In [8]:
from google.colab import drive
drive.mount('/content/drive')

Drive already mounted at /content/drive; to attempt to forcibly remount, call drive.mount("/content/drive", force_remount=True).


In [9]:
cd /content/drive/MyDrive/ASR/StyleTokens/

/content/drive/MyDrive/ASR/StyleTokens


In [10]:
pip install pypinyin

Looking in indexes: https://pypi.org/simple, https://us-python.pkg.dev/colab-wheels/public/simple/


In [None]:
!pip3 install -r requirements.txt

In [None]:
import torch
import torch.nn as nn
from GST import GST
from Hyperparameters import Hyperparameters as hp


class Tacotron(nn.Module):
    '''
    input:
        texts: [N, T_x]
        mels: [N, T_y/r, n_mels*r]
    output:
        mels --- [N, T_y/r, n_mels*r]
        mags --- [N, T_y, 1+n_fft//2]
        attn_weights --- [N, T_y/r, T_x]
    '''

    def __init__(self):
        super().__init__()
        self.embedding = nn.Embedding(len(hp.vocab), hp.E)
        self.encoder = Encoder()
        self.decoder = Decoder()

        self.gst = GST()

    def forward(self, texts, mels, ref_mels):
        embedded = self.embedding(texts)  # [N, T_x, E]
        memory, encoder_hidden = self.encoder(embedded)  # [N, T_x, E]

        style_embed = self.gst(ref_mels)  # [N, 256]
        style_embed = style_embed.expand_as(memory)
        memory = memory + style_embed

        mels_hat, mags_hat, attn_weights = self.decoder(mels, memory)

        return mels_hat, mags_hat, attn_weights


class Encoder(nn.Module):
    '''
    input:
        inputs: [N, T_x, E]
    output:
        outputs: [N, T_x, E]
        hidden: [2, N, E//2]
    '''

    def __init__(self):
        super().__init__()
        self.prenet = PreNet(in_features=hp.E)  # [N, T, E//2]

        self.conv1d_bank = Conv1dBank(K=hp.K, in_channels=hp.E // 2, out_channels=hp.E // 2)  # [N, T, E//2 * K]
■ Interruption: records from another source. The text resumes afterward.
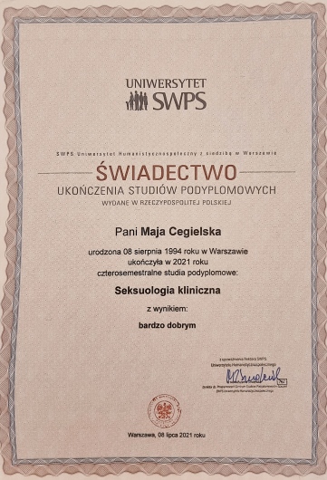Jaki jest zakres porad oferowanych przez Maja Cegielska-Patyk?Maja Cegielska-Patyk to seksuolog, psycholog, psychoterapeuta. Na podstawie swojego doświadczenia i wykształcenia Maja Cegielska-Patyk oferuje usługi takie jak: konsultacja online, konsultacja seksuologiczna, Konsultacja psychologiczna, Konsultacja psychologiczna online, psychoterapia indywidualna, konsultacja psychoterapeutyczna, Psychoterapia, terapia seksuologiczna, konsultacja psychologiczno-seksuologiczna dla par, konsultacja seksuologiczna online.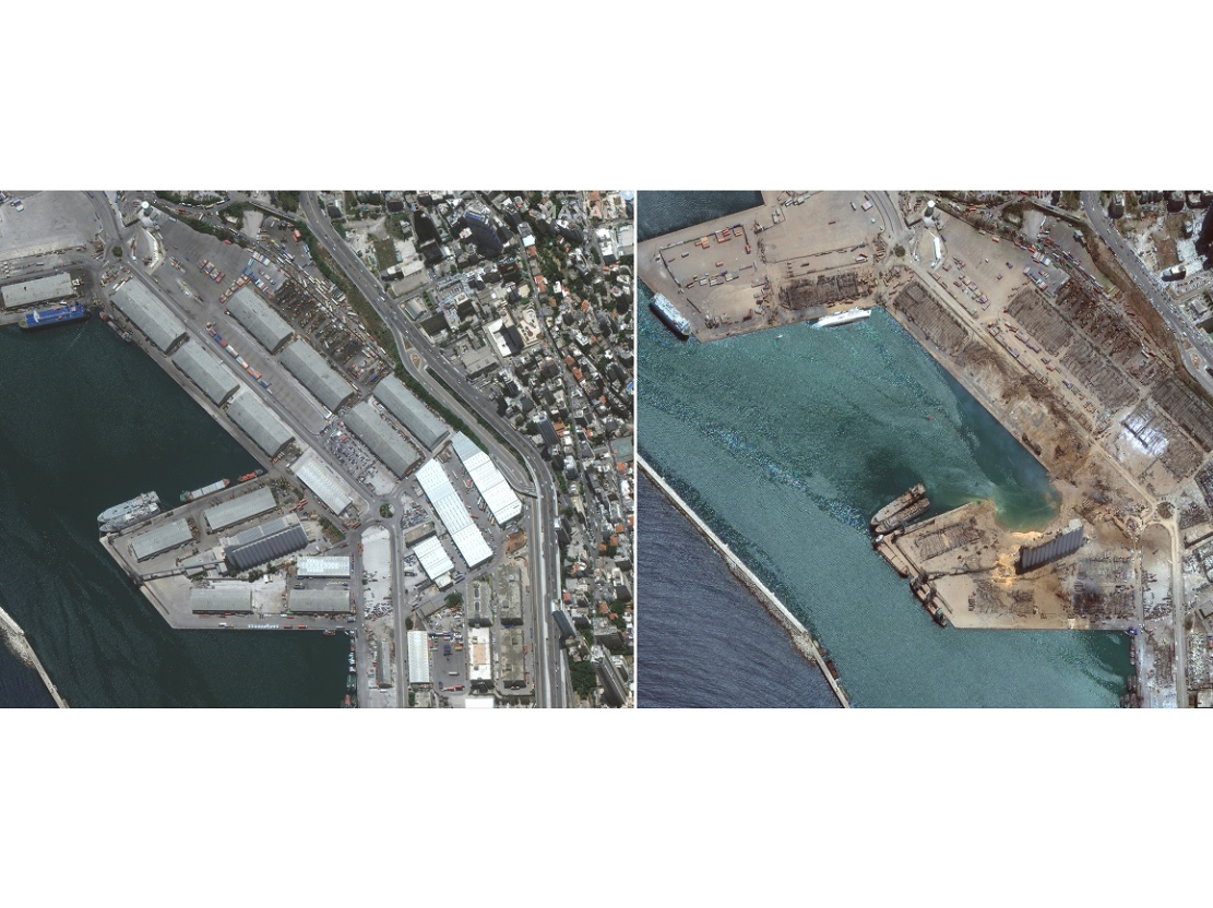 ففي صور صادمة نشرتها وكالة رويترز، ملتقطة من الأقمار الصناعية، تُظهر ما أحدثه التفجير في يابسة الميناء، حيث غير ملامح الميناء عندما اختفى جزء كبير في الماء نتيجة قوة الانفجار.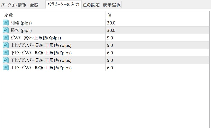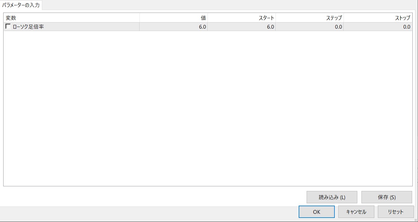 パラメータはローソク足の大きさの倍率を変更できます。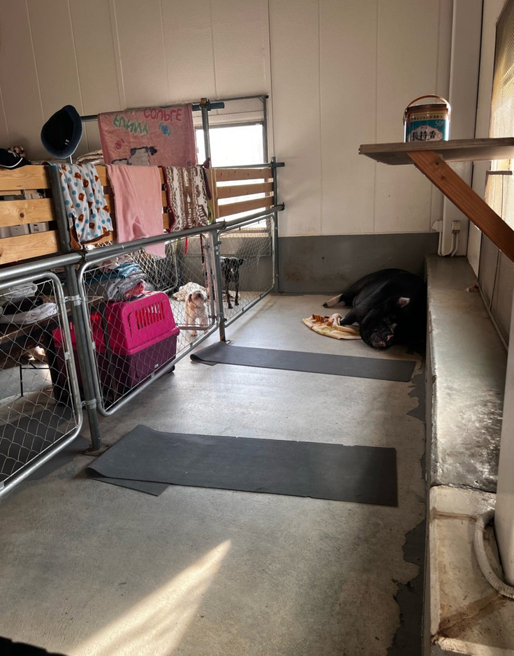 ↑入口入ってすぐの新入り保護っ子と保護豚キャサリンが過ごすスペース

        self.conv1d_1 = Conv1d(in_channels=hp.K * hp.E // 2, out_channels=hp.E // 2, kernel_size=3)  # [N, T, E//2]
        self.conv1d_2 = Conv1d(in_channels=hp.E // 2, out_channels=hp.E // 2, kernel_size=3)  # [N, T, E//2]
        self.bn1 = BatchNorm1d(num_features=hp.E // 2)
        self.bn2 = BatchNorm1d(num_features=hp.E // 2)

        self.highways = nn.ModuleList()
        for i in range(hp.num_highways):
            self.highways.append(Highway(in_features=hp.E // 2, out_features=hp.E // 2))

        self.gru = nn.GRU(input_size=hp.E // 2, hidden_size=hp.E // 2, num_layers=2, bidirectional=True, batch_first=True)

    def forward(self, inputs, prev_hidden=None):
        # prenet
        inputs = self.prenet(inputs)  # [N, T, E//2]

        # CBHG
        # conv1d bank
        outputs = self.conv1d_bank(inputs)  # [N, T, E//2 * K]
        outputs = max_pool1d(outputs, kernel_size=2)  # [N, T, E//2 * K]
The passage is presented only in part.